"Can I ask you a serious question?"
"Oh boy... What's up?"
"How do you do that thing every time you walk in the bar?"
"What thing? Hahaha."
"Where you just make time slow down a little bit and make everyone gawk a little."
I've been sitting on this for a week now. I answered his question with a simple "I'm confident, not cocky. There's a difference. Haha." Quickly followed up by, "I don't know honestly. You make me blush. That's very sweet."
I've been wrapping my head around this conversation all week trying to figure out why I'm having a range of emotion over such a nice compliment. Is it because It brought me back to that night at the Lake where you sat down next to me and asked if I noticed that people stare at me? And I so openly said yes trying to impress you with my confidence. That I wish I would have been a little more humble about my answer? It was too soon to tell you that I worked really hard to get myself to a place where I'm so comfortable in my own skin and state of being, that people just seem to notice now. Or am I still struggling with the idea that I actually have that affect on people. I've been reeling over the idea that it's just another guy trying to flatter me so I'll sleep with him. Not that I would. But then I remember that he's not the only one that says it. And neither were you. I've just been blocking it out. I've been programed to not believe I have the ability to just draw people in. But why? What happened that I struggle with such a profound compliment? So this is what I came up with.

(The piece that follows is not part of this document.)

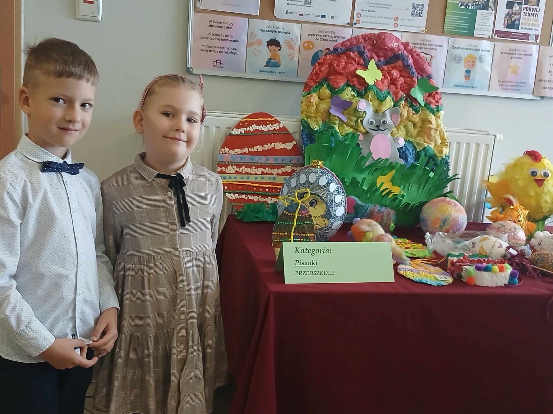Dnia 14 kwietnia 2025 roku Tosia i Szymon z grupy „Zajączki” odebrali nagrody za udział w konkursie „Święta jak malowane” organizowanym przez Miejski Dom Kultury Bogucice-Zawodzie. Tosia zdobyła II miejsce, Szymon wyróżnienie. Gratulujemy.

I made a choice. I chose to live in a world where I allowed the people around me to see me as less than what I knew in my core I was. I wasn't pretty enough, emotionally stable enough, compliant enough, nice enough, laid back enough....It goes on and on. I was walking around feeling like I just wasn't enough. No matter what I did or said, I never felt worthy, valuable, capable, adored or truly loved for who I was. But then again I never felt like I could be who I truly was. But every once in awhile I would catch a quick glimpse of it through other people. This was years ago. I would have people come up to me and compliment me on the light I put out, and tell me to never stop being me because my energy is just so magnetic and contagious. Back then, although it was equally as flattering, I allowed it to go in one ear and out the other because on a daily basis I was being programed to believe otherwise. Whether it was intentional or not, the people I had myself surrounded by on a regular basis were surely saying and doing things that made me feel quite opposite. This was my fault. I was allowing it. I was allowing myself to believe something that to my core, was not true. So when I had people come up to me that I didn't normally engage with, saying all these nice things, I guess I just didn't believe it. But it got my attention enough to realize I have the ability to change my narrative. So I did. I made a very conscious decision to stay completely and utterly authentic. That changed my whole world.
So now, when I get asked this question, it really does stop me dead in my tracks. I don't think anyone will ever truly understand how overwhelming it is for me to have someone ask me this. It's quite humbling, really. Because I still have days where I struggle with whether or not I'm good enough for anything. But to know that even if it has to be a day by day, or even moment by moment basis, I'm doing the best I can to make sure I'm staying true to who I know I am. And that I don't need anyones approval or validation to be happy and whole. That's why I say confidence, not cocky. Maybe that's my way of reminding myself out loud that it's ok to be confident and that it doesn't have to mean I'm conceded. So maybe that's how I do it. I'm not sure I'll ever really know. But I know I like where I am now better than where I was before. And for me, that is enough.